**What you have to do**
Copy, word for word, the lines below from the one containing "开幕式上,胡韬感谢威海市青年" up to and including the one containing "2016 NISSAN MURANO PLATINUM/S/SL/SV", with pictures left out.

Data supplied Block Start

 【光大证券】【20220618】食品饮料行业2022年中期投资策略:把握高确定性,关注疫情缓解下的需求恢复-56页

Data supplied Block End
Data supplied Block Start

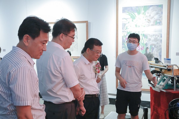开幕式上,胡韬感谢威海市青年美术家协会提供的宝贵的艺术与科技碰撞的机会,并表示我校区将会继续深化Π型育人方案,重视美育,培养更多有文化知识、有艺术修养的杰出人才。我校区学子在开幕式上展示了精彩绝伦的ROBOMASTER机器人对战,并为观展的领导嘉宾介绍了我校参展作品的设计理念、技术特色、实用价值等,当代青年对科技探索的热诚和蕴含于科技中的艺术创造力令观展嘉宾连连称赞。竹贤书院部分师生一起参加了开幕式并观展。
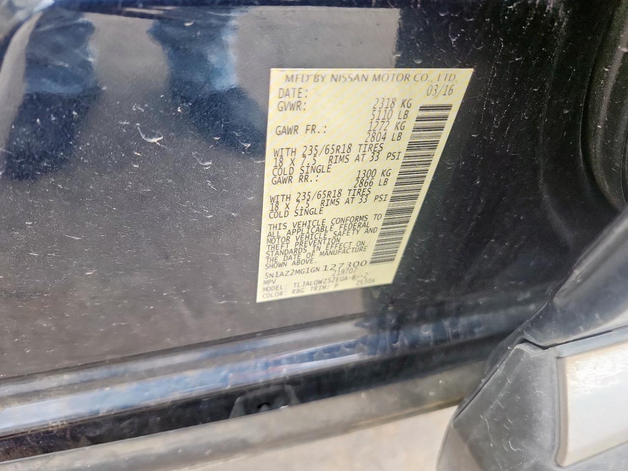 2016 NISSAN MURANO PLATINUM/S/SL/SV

Data supplied Block End

**Exercise output**
开幕式上,胡韬感谢威海市青年美术家协会提供的宝贵的艺术与科技碰撞的机会,并表示我校区将会继续深化Π型育人方案,重视美育,培养更多有文化知识、有艺术修养的杰出人才。我校区学子在开幕式上展示了精彩绝伦的ROBOMASTER机器人对战,并为观展的领导嘉宾介绍了我校参展作品的设计理念、技术特色、实用价值等,当代青年对科技探索的热诚和蕴含于科技中的艺术创造力令观展嘉宾连连称赞。竹贤书院部分师生一起参加了开幕式并观展。
 2016 NISSAN MURANO PLATINUM/S/SL/SV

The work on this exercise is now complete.